You can build a template function and pass in the corresponding parameters.

prompt, err := buildPrompt(params)
if err != nil {
log.Fatal(err)
}
input := blades.UserMessage(prompt)
package main
import (
"context"
"log"
"os"
"github.com/go-kratos/blades"
"github.com/go-kratos/blades/contrib/openai"
)
func main() {
model := openai.NewModel(os.Getenv("OPENAI_MODEL"), openai.Config{
APIKey: os.Getenv("OPENAI_API_KEY"),
})
agent, err := blades.NewAgent(
"Basic Agent",
blades.WithModel(model),
blades.WithInstruction("You can tell user what's in the pictures"),
)
if err != nil {
log.Fatal(err)
}
imagesBytes, err := os.ReadFile("img.png")
if err != nil {
log.Fatal(err)
}
fileLoad := blades.DataPart{
Name: "cat",
MIMEType: blades.MIMEImagePNG,
Bytes: imagesBytes,
}
input := blades.UserMessage(fileLoad)
runner := blades.NewRunner(agent)
output, err := runner.Run(context.Background(), input)
if err != nil {
log.Fatal(err)
}
log.Println(output.Text())
}
  • Clear System Instructions: Provide clear, specific instructions in system messages to help the model better understand task requirements.

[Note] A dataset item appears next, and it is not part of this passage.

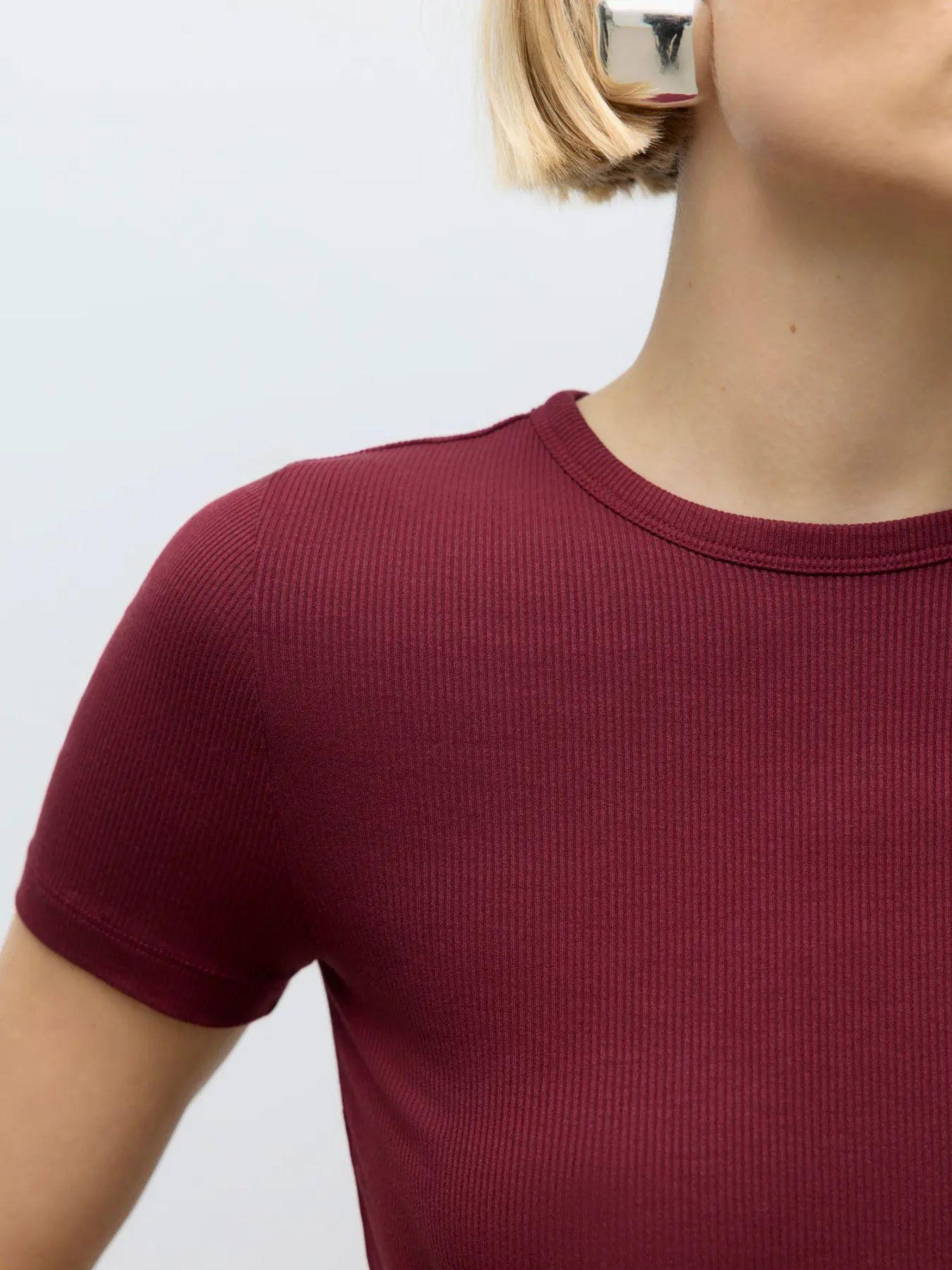 T-shirt frais et intemporel, cet essentiel est parfait en toute occasion. Confectionné en TENCEL™ Lyocell doux et viscose LENZING™ ECOVERO™, il offre une coupe ajustée qui flatte la silhouette tout en assurant confort et respirabilité. Son col ras du cou et ses manches courtes se marient parfaitement avec un jean boyfriend et des baskets pour un look urbain et moderne. Composition : 48 % TENCEL™ Lyocell, 47 % viscose LENZING™ ECOVERO™, 5 % élasthanne.

  • Use Templates Appropriately: Leverage templating functionality to improve code reusability and maintainability, especially in scenarios requiring dynamic Prompt generation.
  • Manage Context Length: Pay attention to controlling Prompt length to avoid exceeding the model’s maximum context limit.
  • Error Handling: Always check for errors during template rendering and Prompt construction to ensure application robustness.